I don’t know if you’ve heard, but today’s young adults are waiting longer and longer to get married. In fact, the age the average man and woman get married has hit an all-time high – 29 for men and 27 for women – numbers that continue to climb. In 1960, the average man got married at 23; the average woman at 20. The delay of marriage is one of the most significant shifts in family formation of our time. People are definitely waiting longer to get married. But why?
Here at Boundless we work hard, encouraging men to step up to the plate and ask women out, and encouraging women to go out with those men when they ask (unless he’s a psychopath). We believe marriage is a good thing and – like many of our readers and their parents – wonder why so many are waiting so long to enjoy one of life’s good gifts. But there is much more to the extensive postponement of marriage than fainthearted men and picky women.
New research finds there are many reasons young people are waiting. One big reason is money. More and more young people struggle to find work with which they might support a wife and family, a challenge that especially hits America’s less-educated. In 2010, the national unemployment rate for high school grads (though age 24) was 24.6 percent. Where not too long ago a high school diploma offered work in manufacturing, construction, mining or utilities, today there simply are not enough jobs to go around.
Therefore, as we might expect, more and more young people are going to college. Sixty-eight percent of 2011 high school grads enrolled in college that same year. While college graduates do dramatically improve their potential earning potential – 84 percent higher than high school graduates – many college graduates are strapped with debt ($27,000 on average) and many college grads choose fields that require even more education and even more debt.
In such a tough economic environment, many young adults feel pressure to wait to marry until they get all their ducks in a row. Today, 91 percent of young adults believe they must be completely financially independent to be ready for marriage, and 90 percent believe they should finish their education first. And perhaps some should.
But what many young people forget is that most of their parents’ and grandparents’ generation had very little figured out financially when they got married.
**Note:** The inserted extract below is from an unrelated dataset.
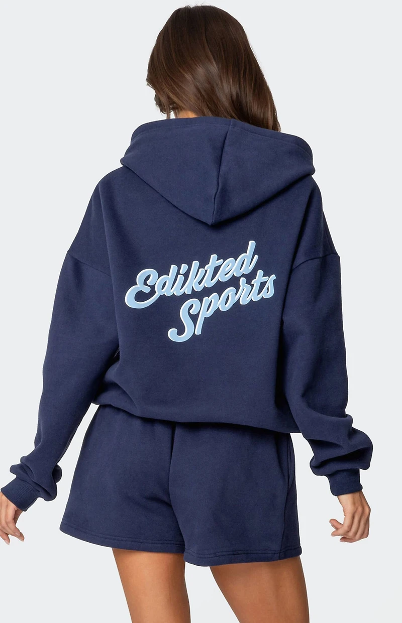 Reach your ultimate level of coziness, while still feeling on-trend with this perfect So Sporty Hoodie from Edikted. Pair it with its matching sweat shorts to complete the look.

They committed to making it work and to working hard. Many of them went through difficult times and had to pinch pennies to make ends meet. But they got through it, and many were better for it.
I’m not suggesting young people rush off into marriage without thinking whether they are financially ready, but perhaps many young couples should rethink their expectations, especially regarding their standard of living. Additionally, research shows that marriage tends to have an economic advantage for the married. Married men consistently out earn their single counterparts. Money certainly isn’t the only reason young adults are waiting to get married, but it’s probably more of a cause than it should be.
Marriage is not a commitment to a particular lifestyle; it’s a commitment to a person. When two people marry, they are saying, “Come what may, we are in this together. We’ll face the challenges together and rejoice in the victories together.” Whatever financial challenges you are facing, consider that marriage may be a great help in overcoming that challenge and not just a reward after you’ve overcome it yourself. You may never feel like you have all your ducks in a row, but a loving spouse will likely be a great help to that very end.